Amity Institute of Neuropsychology & Neurosciences, Amity University, Noida 201303, India.
School of Life Sciences, Jawaharlal Nehru University, New Delhi 110067, India.
Biomolecules. 2022 Mar 15;12(3):451. doi: 10.3390/biom12030451.

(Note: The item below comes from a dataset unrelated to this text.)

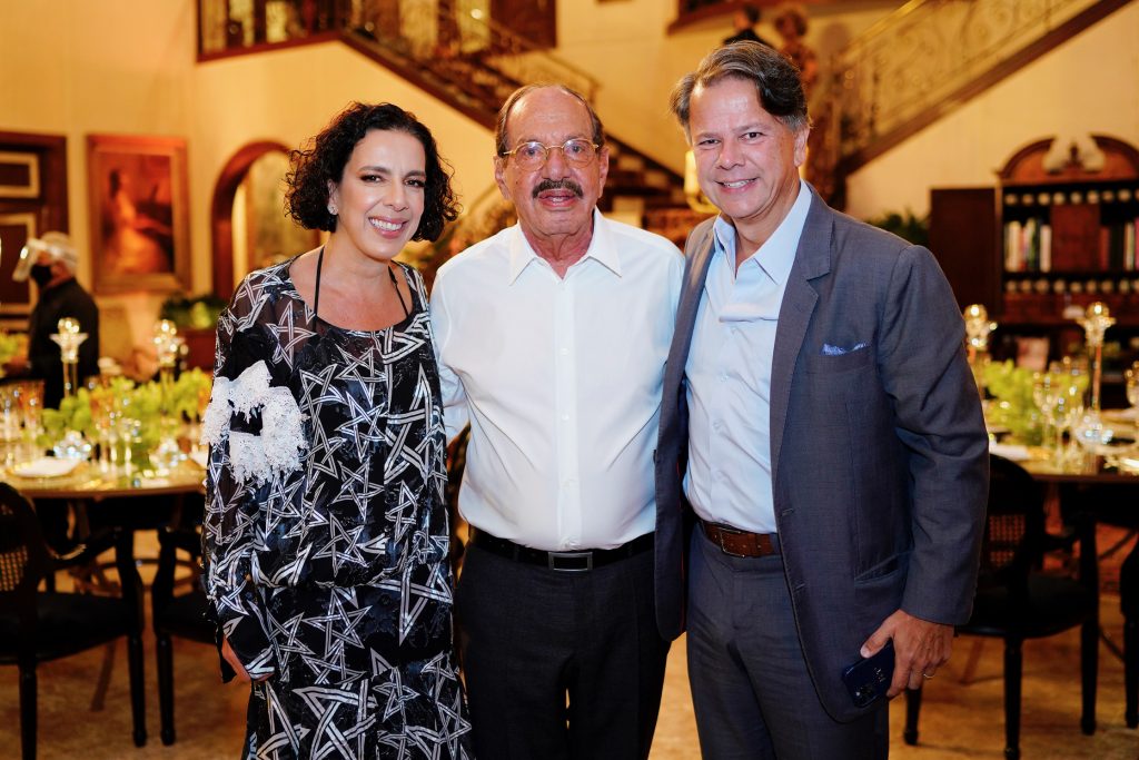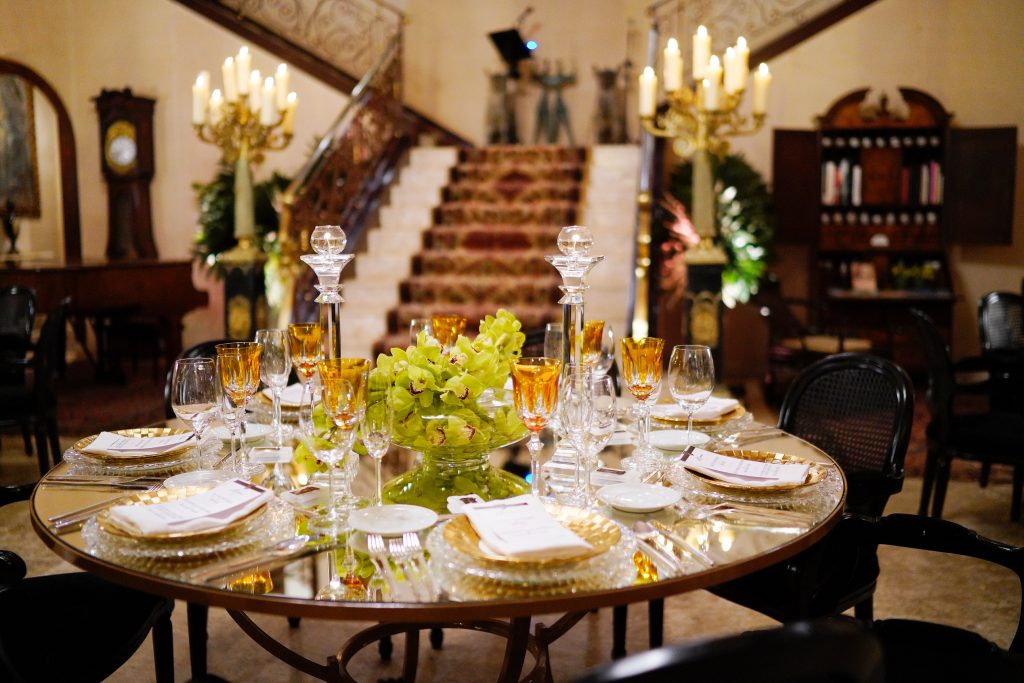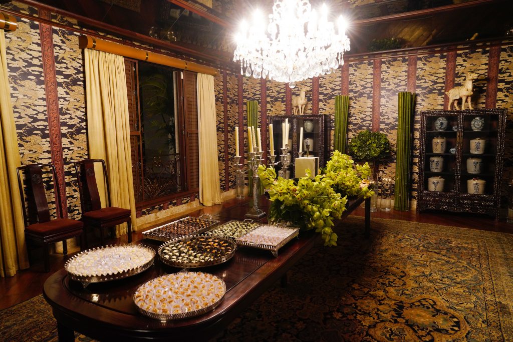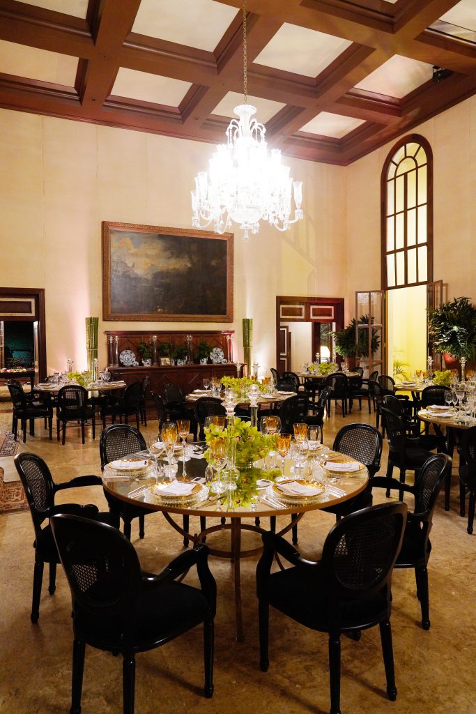 O salão principal da mansão, ganhou ambientação assinada por Valéria Leão Bittar, que usou costelas-de-adão em profusão com bambus e orquídeas verdes. No cardápio da festa, delícias como arroz de pato, carré de cordeiro e bacalhau. Tudo do bom e do melhor, harmonizado com vinhos franceses e o champanhe francês Piper-Heidsieck.

Dementia-a syndrome affecting human cognition-is a major public health concern given to its rising prevalence worldwide. Though multiple research studies have analyzed disorders such as Alzheimer's disease and Frontotemporal dementia using a systems biology approach, a similar approach to dementia syndrome as a whole is required. In this study, we try to find the high-impact core regulating processes and factors involved in dementia's protein-protein interaction network. We also explore various aspects related to its stability and signal propagation. Using gene interaction databases such as STRING and GeneMANIA, a principal dementia network (PDN) consisting of 881 genes and 59,085 interactions was achieved. It was assortative in nature with hierarchical, scale-free topology enriched in various gene ontology (GO) categories and KEGG pathways, such as negative and positive regulation of apoptotic processes, macroautophagy, aging, response to drug, protein binding, etc. Using a clustering algorithm (Louvain method of modularity maximization) iteratively, we found a number of communities at different levels of hierarchy in PDN consisting of 95 "motif-localized hubs", out of which, 7 were present at deepest level and hence were key regulators (KRs) of PDN (HSP90AA1, HSP90AB1, EGFR, FYN, JUN, CELF2 and CTNNA3). In order to explore aspects of network's resilience, a knockout (of motif-localized hubs) experiment was carried out. It changed the network's topology from a hierarchal scale-free topology to scale-free, where independent clusters exhibited greater control. Additionally, network experiments on interaction of druggable genome and motif-localized hubs were carried out where UBC, EGFR, APP, CTNNB1, NTRK1, FN1, HSP90AA1, MDM2, VCP, CTNNA1 and GRB2 were identified as hubs in the resultant network (RN). We finally concluded that stability and resilience of PDN highly relies on motif-localized hubs (especially those present at deeper levels), making them important therapeutic intervention candidates. HSP90AA1, involved in heat shock response (and its master regulator, i.e., HSF1), and EGFR are most important genes in pathology of dementia apart from KRs, given their presence as KRs as well as hubs in RN.
痴呆症是一种影响人类认知的综合征,由于其在全球的患病率不断上升,因此成为一个主要的公共卫生关注点。尽管有多项研究采用系统生物学方法分析了阿尔茨海默病和额颞叶痴呆等疾病,但仍需要采用类似的方法来研究整个痴呆症综合征。在这项研究中,我们试图找到涉及痴呆症蛋白质-蛋白质相互作用网络的高影响核心调节过程和因素。我们还探讨了与其稳定性和信号传播相关的各个方面。使用基因相互作用数据库,如 STRING 和 GeneMANIA,我们构建了一个由 881 个基因和 59085 个相互作用组成的主要痴呆症网络(PDN)。该网络具有层次结构和无标度拓扑性质,富集了各种基因本体论(GO)类别和 KEGG 途径,如凋亡过程的负调控和正调控、巨自噬、衰老、对药物的反应、蛋白质结合等。通过反复使用聚类算法(模块度最大化的 Louvain 方法),我们在 PDN 中发现了不同层次的多个社区,其中包含 95 个“基序定位枢纽”,其中 7 个位于最深层次,因此是 PDN 的关键调节因子(KRs)(HSP90AA1、HSP90AB1、EGFR、FYN、JUN、CELF2 和 CTNNA3)。为了探索网络弹性的各个方面,我们进行了敲除(基序定位枢纽)实验。该实验将网络的拓扑结构从层次无标度拓扑结构改变为无标度拓扑结构,其中独立的簇表现出更大的控制能力。此外,我们还对可药用基因组和基序定位枢纽之间的相互作用进行了网络实验,结果鉴定出 UBC、EGFR、APP、CTNNB1、NTRK1、FN1、HSP90AA1、MDM2、VCP、CTNNA1 和 GRB2 是网络中的枢纽。最后,我们得出结论,PDN 的稳定性和弹性高度依赖于基序定位枢纽(特别是那些位于更深层次的枢纽),这使它们成为重要的治疗干预候选物。除了 KR 之外,HSP90AA1 还参与了热休克反应(及其主调节因子,即 HSF1),EGFR 是痴呆症病理学中除 KR 之外最重要的基因,因为它们既是 KR 也是 RN 中的枢纽。